NGC 4636 is one of the most luminous nearby elliptical galaxies when observed in X-rays, with estimated X-ray flux of 1.8×10^41 erg/s. A hot gas corona around the galaxy was first detected by the Einstein Observatory. Based on the hot interstellar medium temperature profile, the total mass of the halo was estimated to be 1.5×10^12 M_solar within a radius of 35 kpc. The percentage of non-luminous matter mass is estimated to be between 50% and 80% of the total galactic mass, implying an exceptionally low baryon fraction in NGC 4636 and the presence of a large dark matter halo.

The halo of NGC 4636 has some unique features. Observations by the Chandra X-ray Observatory revealed symmetric, 8 kpc long structures within the halo that look like spiral arms. The arms are about 30 percent hotter than the surrounding gas cloud. The arms form the rim of two large ellipsoid bubbles of hot gas. One more bubble-like feature has been detected about 2 kpc south of the northeastern arm. A weak radio source, elongated in the NE–SW direction, connects the NE and SW bubbles. These large bubbles are likely the result of shocks generated by the AGN jets. It is possible that the bubbles have different ages, generated by different AGN outbursts, as indicated by the presence of radio-emitting plasma in one cavity, while the others are radio-quiet.

NGC 4636 has an X-ray-bright core, having a radius of ~1 kpc. The core shows a central cavity surrounded by a bright edge. Interestingly, the small X-ray cavity surrounds the ~1 kpc radio jet detected at 1.4 GHz and is likely generated by the jet. Thus, the X-ray and radio observations point to a scenario in which gas may be currently outflowing in the central kpc of NGC 4636.

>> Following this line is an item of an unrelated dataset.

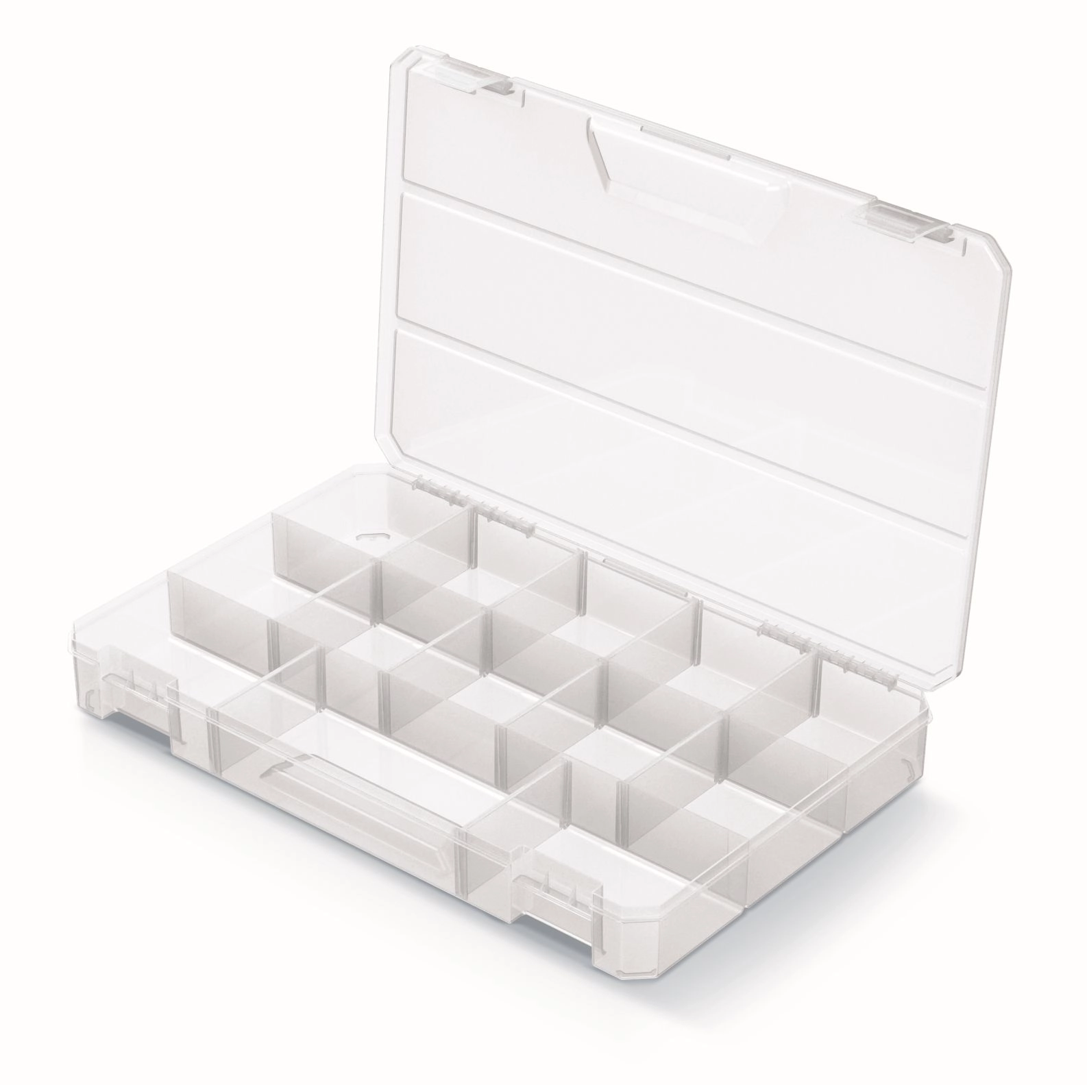 A praktikus SQR BOX rendszerező 35,5 × 23 × 4,1 cm méretben ideális csavarok, szegek és egyéb apróságok áttekinthető tárolására. A átlátszó fedélnek és testnek köszönhetően a tartalom azonnal látható, felnyitás nélkül. 10 kivehető válaszfalat kínál a rugalmas elrendezéshez, akár 13 rekesszel, valamint biztonságos zárást két masszív műanyag zárral. Könnyű, strapabíró kialakítása és a stócolhatóság helyet spórol a műhelyben, garázsban és az építkezésen is.

There are 318 point X-ray sources in the field of NGC 4636. About 25% of them are identified as background sources. 77 of the sources match the location of globular clusters. No correlation was found between the X-ray luminosities of the matched point sources and the luminosity or color of the host GC candidates. The other point sources are low-mass X-ray binaries.

== Supernovae ==
Two supernovae have been observed in NGC 4636.
- SN 1939A (Type Ia, mag. 12.5) was discovered by Fritz Zwicky on 17 January 1939. Its maximum magnitude was estimated at 11.9.
- SN 2020ue (Type Ia, mag. 15) was discovered by Kōichi Itagaki on 12 January 2020. It reached magnitude 11.8, making it one of the three brightest supernovae of 2020.

== Nearby galaxies ==
NGC 4636 is the foremost galaxy of the galaxy group known as the NGC 4636 group. Other members of the group include NGC 4457, NGC 4586, NGC 4587, NGC 4600, NGC 4665, and NGC 4688. These galaxies, along with NGC 4753, Messier 61 and their groups form the southern boundary of the Virgo Cluster. It can be difficult to determine which galaxies belong to which group especially around the southern edge of the Virgo Cluster where there is a confusion of galaxies at different distances. NGC 4636 has also been listed as a member of the Virgo Cluster.